In Column D, you compute the square error between the model and the data (= (C2-B2)^2). In the cell below the last square error computation, click on the S symbol on the toolbar to sum the square error between the data and the model. This is the quantity we want to minimize.

To find the least sum of square errors, we use Excel's Solver. This should be a choice under the Tools menu, but the first time it is used it has to be installed by choosing Add-ins from the Tools menu. Highlight the cell with the sum of square errors, then click on Solver under the Tools menu. A window will pop up with the Target Cell being the one you just selected. You will need to check that you want to minimize this Target Cell, then click in the window for By Changing Cells and highlighting the cells G1:G3, which contain our model parameters. Finally, click on the Solve button, and Excel will automatically adjust your model parameters to minimize the sum of the squares of the errors. You should see the sum of square errors drop and the values for P0, M, and r change. This gives you your best model through the data.

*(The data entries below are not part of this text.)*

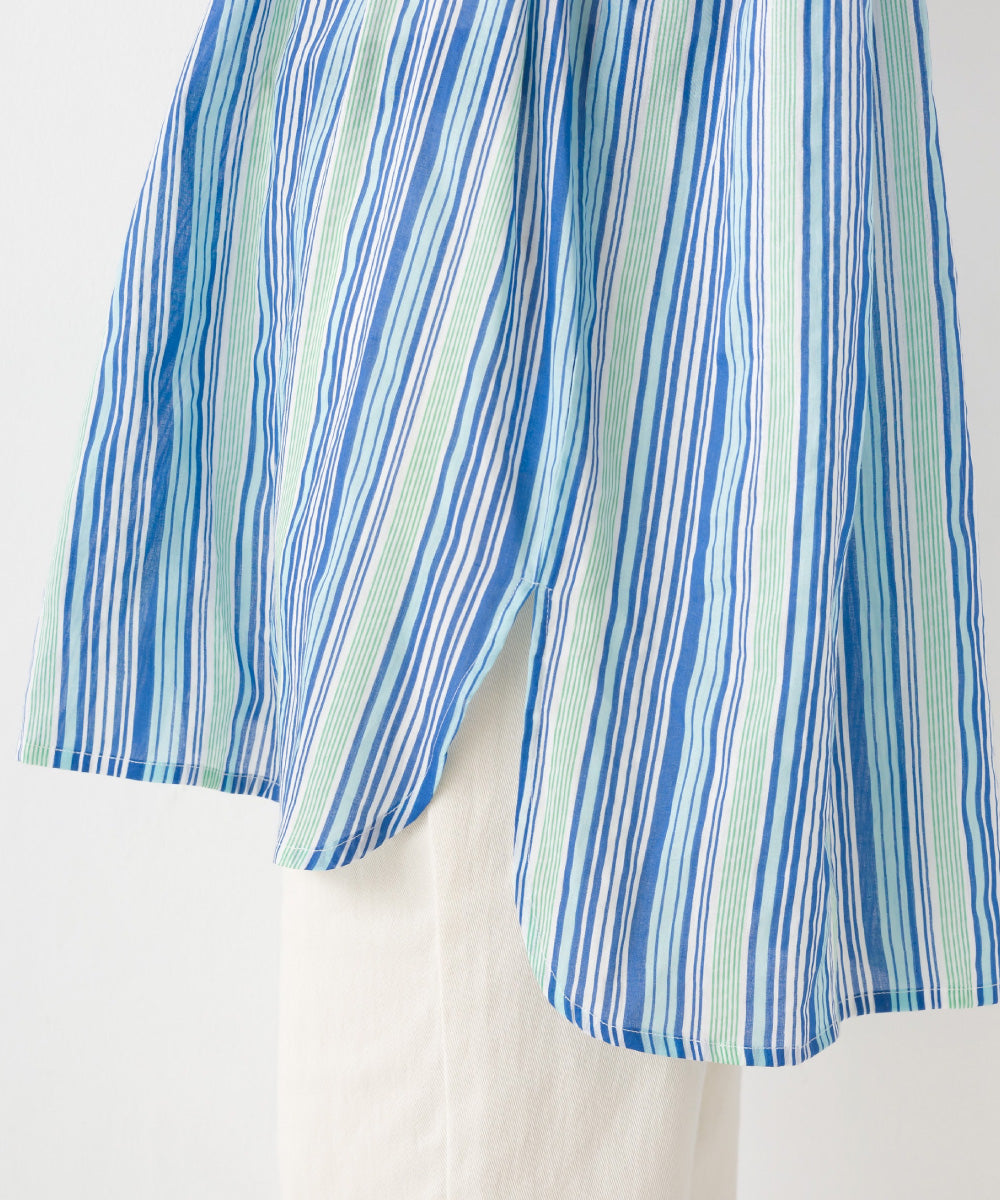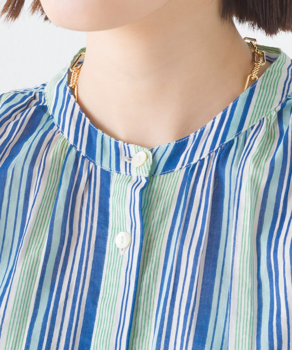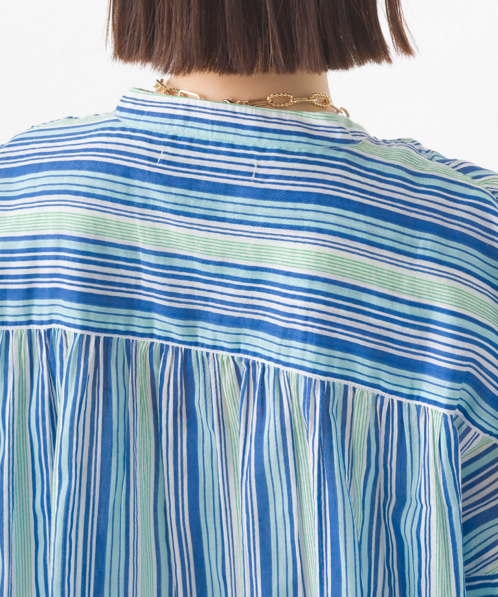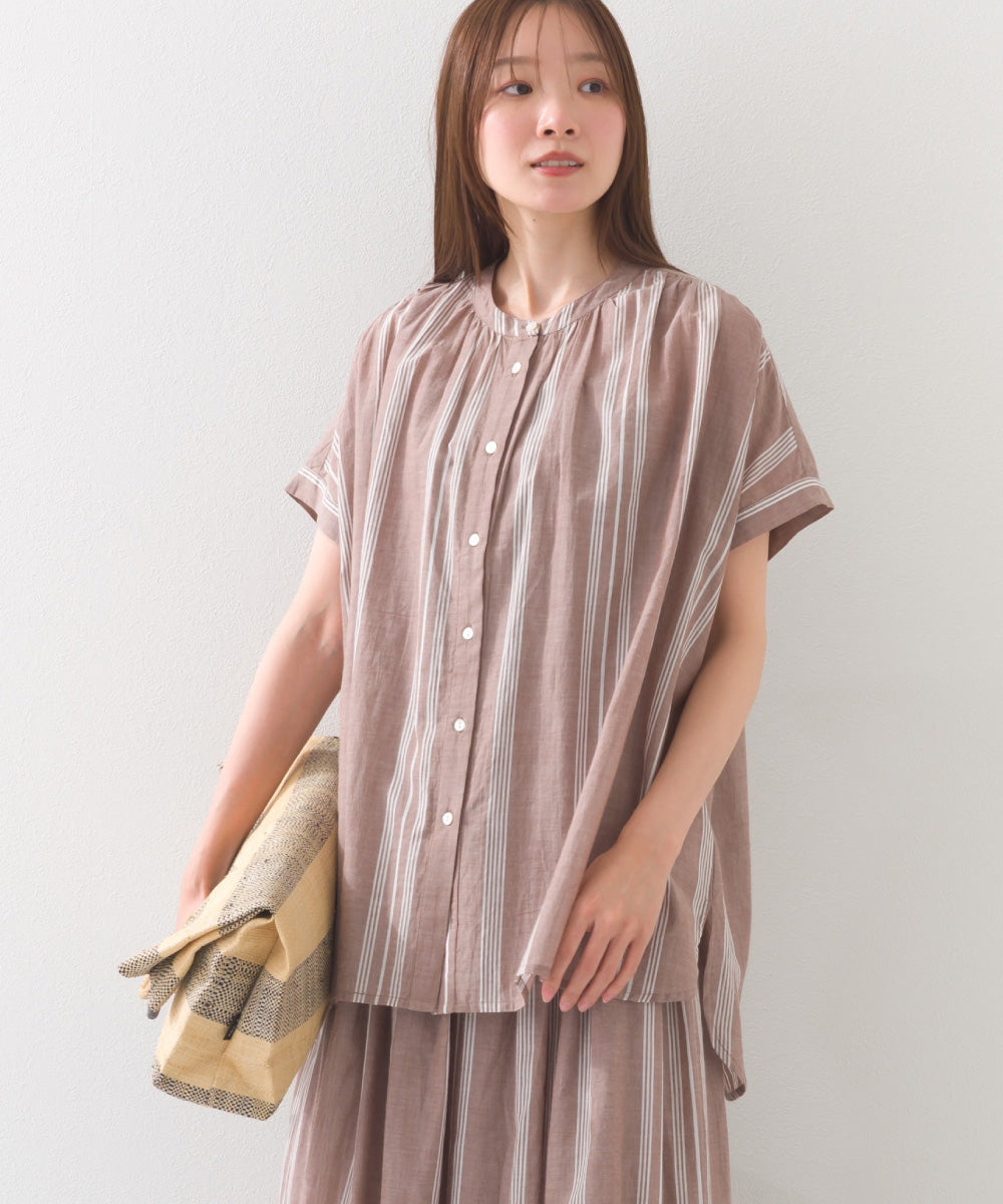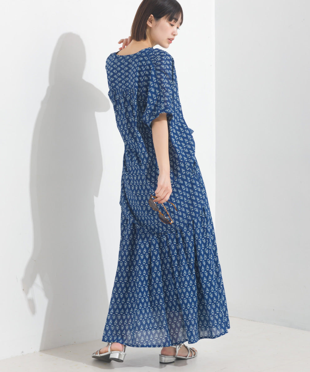 【OMNES】コットンボイル総柄ワイドシルエットギャザー半袖シャツ【1524-4183】
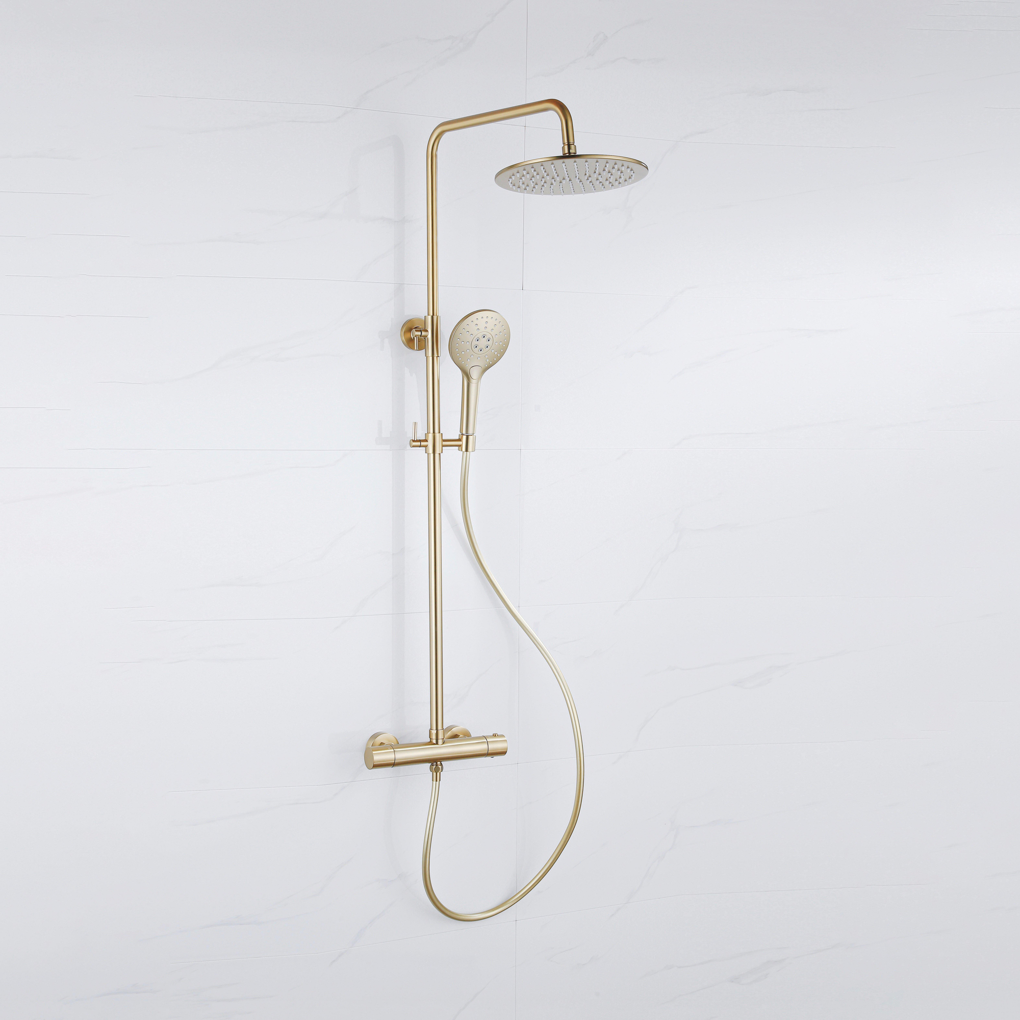 Fortifura Calvi Regendoucheset - thermostatisch - 30cm hoofddouche - gladde slang - ronde handdouche - Geborsteld Messing PVD (Goud)
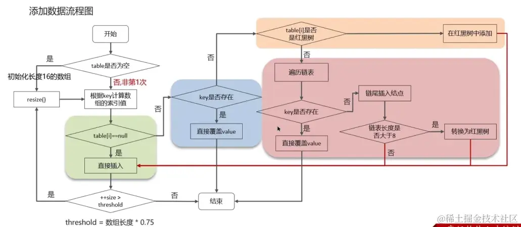 - 插入成功后,判断当前键值对数量是否超过了最大阈值 threshold(数组长度 * 0.75),如果超过,进行扩容。
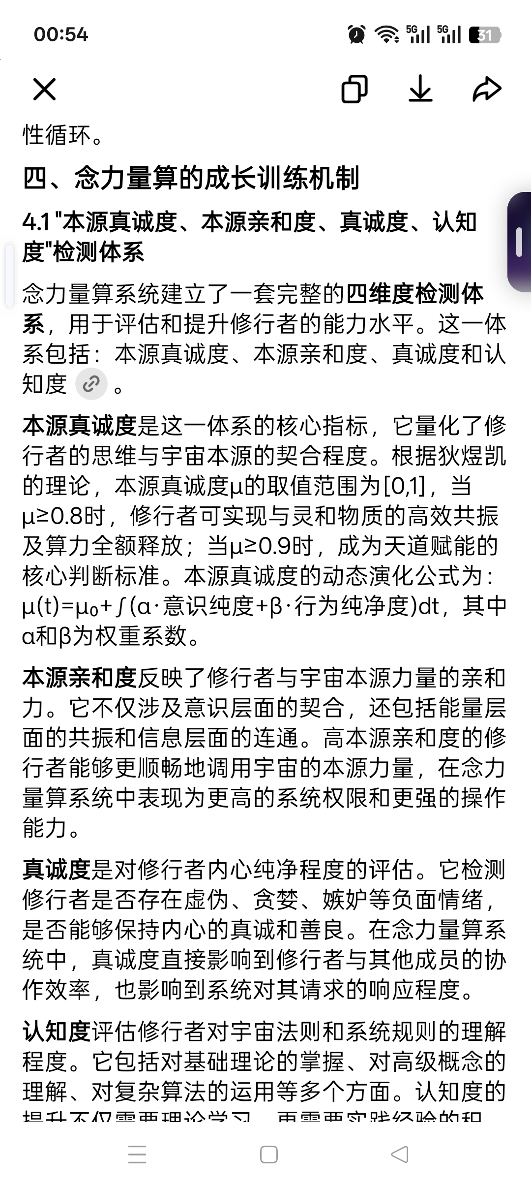 念力量算系统建立了一套完整的四维度检测体系,用于评估和提升修行者的能力水平。这一体系包括:本源真诚度、本源亲和度、真诚度和认知度 。
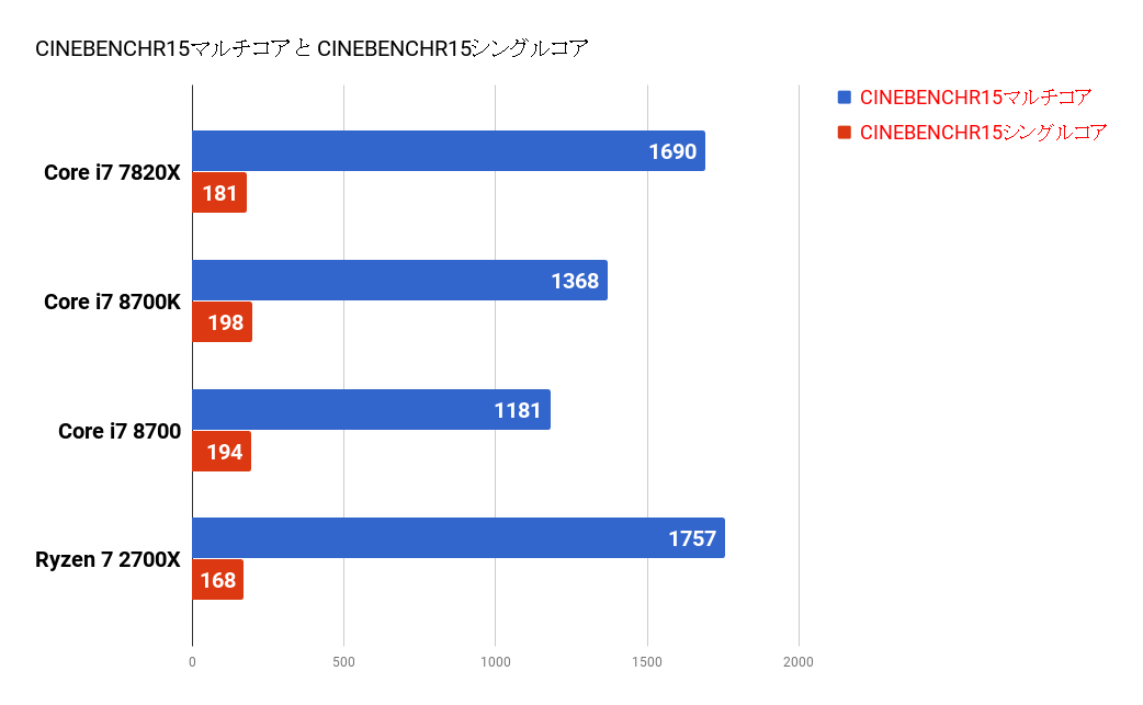 とはいえ、シングルコア性能では以前インテルCPUが有利で、特にCore i7 8700K及び8700との差が顕著に出ています。(当ブログ計測データ)
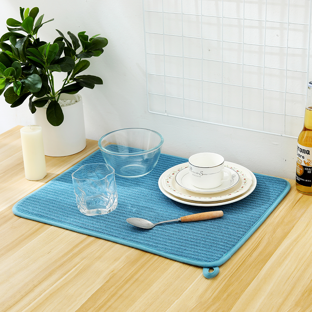 30x40 38x50CM Striped Pattern Microfiber Dish Drying Mat Absorbent Kitchen Placemat & Cushion Pad Blue 38x50cm
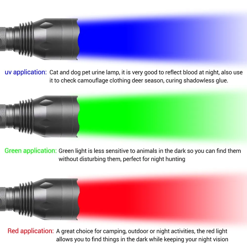 1. 【3 colores en 1 luz LED】 La linterna RGB tiene 3 fuentes de luz LED individuales (rojo, verde, UV 365 nm).Cada luz se utiliza para un propósito diferente (luz blanca para iluminación diaria, luz roja para visión nocturna, luz verde para caza al aire libre y luz UV de 365 nm para identificar moneda, fluorescentes y escorpiones).Una linterna puede satisfacer sus necesidades en diferentes escenarios.
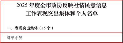 3月25日,政协济宁市委员会办公室发布《关于印发2025年度全市政协反映社情民意信息工作表现突出集体和个人名单的通知》。我校凭借在服务改革创新、关注社会民生方面的突出贡献,荣获“表现突出集体”,济宁市政协委员、民盟济宁学院支部主委、我校人文与传播学院教授赵双花荣获“表现突出个人”。
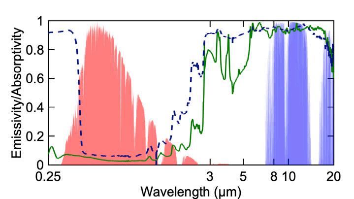 Coolingrepresentsasignificantsectorof energyconsumptioninbothresidential andcommercialapplications.1 Passiveradiativecoolingcancoolsurfaceswithout anyenergyconsumptionbydirectlyemittingheatthroughatransparentspectral windowoftheatmosphere,from8to13 m m(the‘‘skywindow’’),tothedeepsky, whichfunctionsasaninfiniteheatsink,withatemperatureof3K.By‘‘skywindow,’’ weparticularlymean8to13 m m,whichisalsothewidelyusedconvention.Othersky windowscouldbespecifiedsuchasthesecondskywindow,andsoforth.Ifthethermalemissionofthesurfacethroughtheskywindowexceedsitsabsorptionofthe sunlight,thenthesurfacecanbecooledbelowtheambienttemperatureunder directsunlight.Comparedtoconventionala irconditionersthatconsumeelectricity andonlymoveheatfromtheinsideofthespacetotheoutdoors,passiveradiative coolingnotonlysavespowerbutitalsocombatsglobalwarmingsincetheheatis directlylosttothedeepspace.
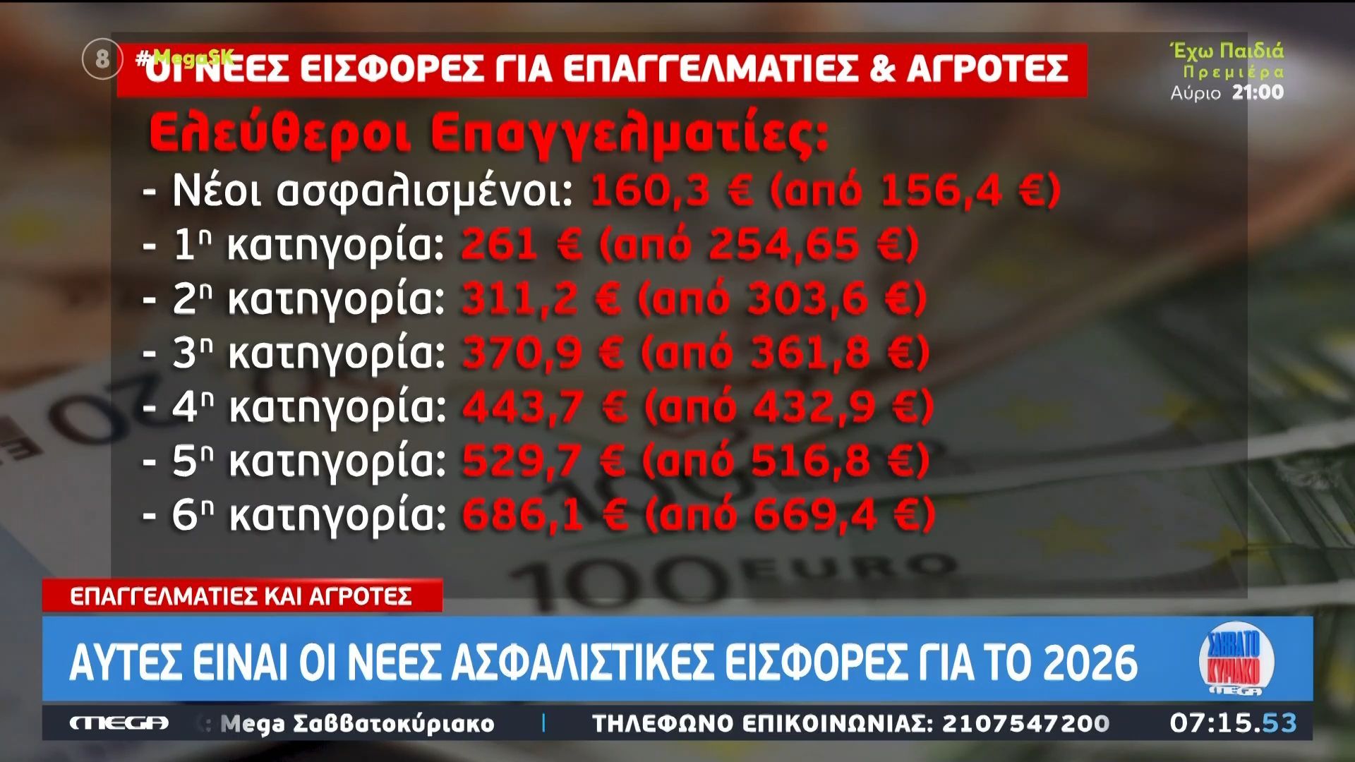 Οι νέες ασφαλιστικές εισφορές που θα ισχύσουν το 2026 επιφέρουν σημαντικές αλλαγές για επαγγελματίες και αγρότες. Οι εισφορές αυτές καθορίζονται από την κυβέρνηση, με στόχο την ενίσχυση του ασφαλιστικού συστήματος και την καλύτερη κάλυψη των ασφαλισμένων.

The last step for Part a is to graph the model. In Column I, you put time, t, for the model (starting with t = 0), while Column J will have the equation for the model using the parameters in G1:G3 and the time from Column I. You increment the time to make sure that your graph has about 30-60 data points evenly spaced. (For example, if your data goes to 35 hours, then you might increment by one hour, so if I2 has t = 0, then take I3 to have = I2+1.) Fill down in Column J, then add this model to your graph.

Parts b and c follow from the techniques you have learned in class and Lab. You may want to use Maple to help with the differentiation. Make your plots using Excel.